PROBLEM DETAILS ->
Begin at the line containing "Jetzt habe ich" in the records below, end at the line containing "国会議事堂蔵 #26022275 收藏", and retype each line in that span exactly. No other line and no image should appear.

EXERCISE DATA ->
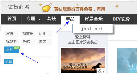 1)登陆到空间装扮商城>>,再从导航依次点击进入“单品” > “名片”分类;
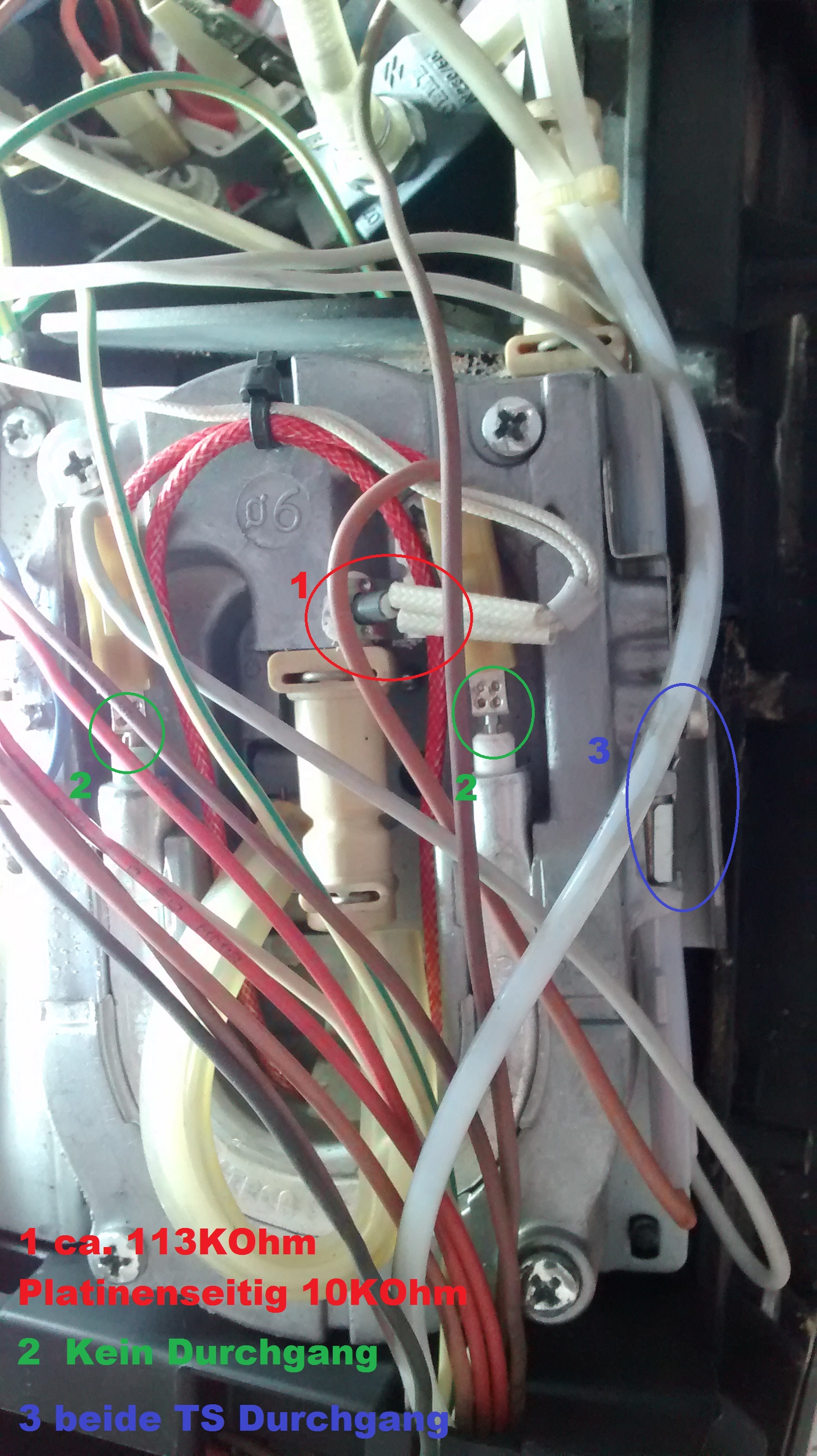 Jetzt habe ich sie geöffnet und zuerst einmal versucht den Temparaturfühler zu Messen. Dabei viel schon auf das Heizelement(ich glaube Dampfheizung) wird heiss und der Widerstand des Temperaurfühler nimmt ab. Meine Werte liegen bei kalt ca. 110KOhm, der Wert bei Erwärmung bei ca.5KOhm.
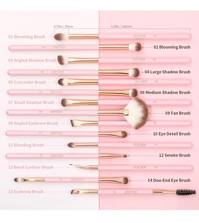 Contiene un total de 15 pinceles, cada uno de ellos con una forma cuidada para lograr su correcta su función.
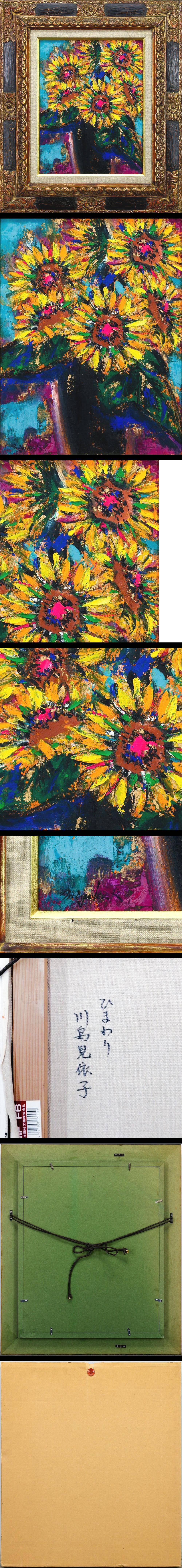 【真作】【WISH】川島見依子「ひまわり」油彩 6号 ◆情熱の色彩美・躍動の向日葵名画 〇夭折女流巨匠 国会議事堂蔵 #26022275 收藏
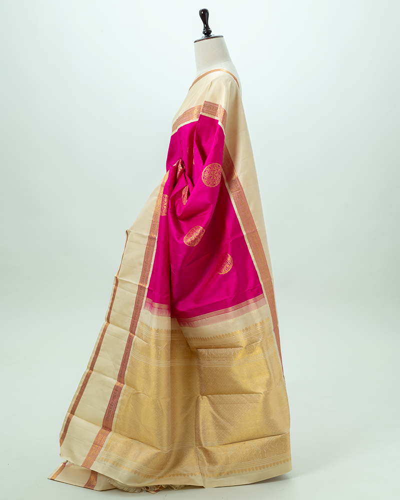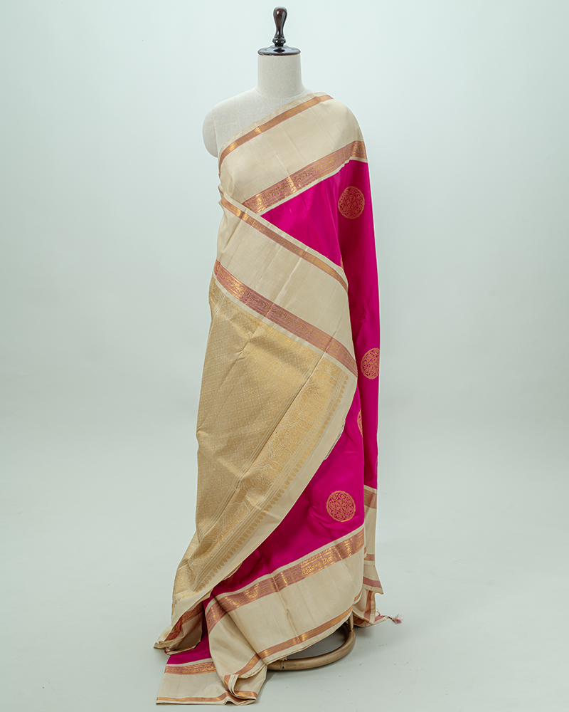 This stunning saree has a hot pink body with bold gold circular buttas, sharply contrasted by a creamy beige pallu featuring rich gold zari brocade.

OUTPUT ->
 Jetzt habe ich sie geöffnet und zuerst einmal versucht den Temparaturfühler zu Messen. Dabei viel schon auf das Heizelement(ich glaube Dampfheizung) wird heiss und der Widerstand des Temperaurfühler nimmt ab. Meine Werte liegen bei kalt ca. 110KOhm, der Wert bei Erwärmung bei ca.5KOhm.
 Contiene un total de 15 pinceles, cada uno de ellos con una forma cuidada para lograr su correcta su función.
 【真作】【WISH】川島見依子「ひまわり」油彩 6号 ◆情熱の色彩美・躍動の向日葵名画 〇夭折女流巨匠 国会議事堂蔵 #26022275 收藏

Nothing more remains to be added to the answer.